>>
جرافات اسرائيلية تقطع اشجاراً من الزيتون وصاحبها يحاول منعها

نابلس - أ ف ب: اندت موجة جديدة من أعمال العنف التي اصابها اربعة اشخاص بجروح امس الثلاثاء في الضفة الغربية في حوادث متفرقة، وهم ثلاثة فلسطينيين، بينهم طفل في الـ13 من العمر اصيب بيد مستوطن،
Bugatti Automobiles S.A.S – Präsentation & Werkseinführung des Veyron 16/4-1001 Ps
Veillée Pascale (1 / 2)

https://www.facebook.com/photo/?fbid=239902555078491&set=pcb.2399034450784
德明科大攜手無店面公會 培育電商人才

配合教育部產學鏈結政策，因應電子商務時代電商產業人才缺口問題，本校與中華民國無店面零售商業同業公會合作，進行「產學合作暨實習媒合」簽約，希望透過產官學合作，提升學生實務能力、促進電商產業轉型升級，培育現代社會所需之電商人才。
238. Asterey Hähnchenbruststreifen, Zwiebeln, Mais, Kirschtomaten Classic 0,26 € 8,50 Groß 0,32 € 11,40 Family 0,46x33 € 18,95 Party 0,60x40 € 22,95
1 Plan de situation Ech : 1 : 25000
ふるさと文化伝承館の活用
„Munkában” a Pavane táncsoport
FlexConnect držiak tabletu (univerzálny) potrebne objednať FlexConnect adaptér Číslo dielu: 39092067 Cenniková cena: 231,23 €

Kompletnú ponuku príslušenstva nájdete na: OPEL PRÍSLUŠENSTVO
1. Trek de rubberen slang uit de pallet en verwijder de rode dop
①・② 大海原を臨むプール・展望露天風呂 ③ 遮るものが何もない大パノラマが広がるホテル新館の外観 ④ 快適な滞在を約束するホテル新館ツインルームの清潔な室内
<<
>>
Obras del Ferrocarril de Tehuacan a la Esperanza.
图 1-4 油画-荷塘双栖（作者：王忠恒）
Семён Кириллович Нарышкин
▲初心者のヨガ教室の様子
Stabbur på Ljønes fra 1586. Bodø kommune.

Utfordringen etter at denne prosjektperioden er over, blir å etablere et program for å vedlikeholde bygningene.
<<
### What you will do
From the line that has "Stabbur på Ljønes fra 1586. Bodø kommune." through the line that has "Utfordringen etter at", copy every line exactly as it appears above, and leave out all others.

### Result
Stabbur på Ljønes fra 1586. Bodø kommune.

Utfordringen etter at denne prosjektperioden er over, blir å etablere et program for å vedlikeholde bygningene.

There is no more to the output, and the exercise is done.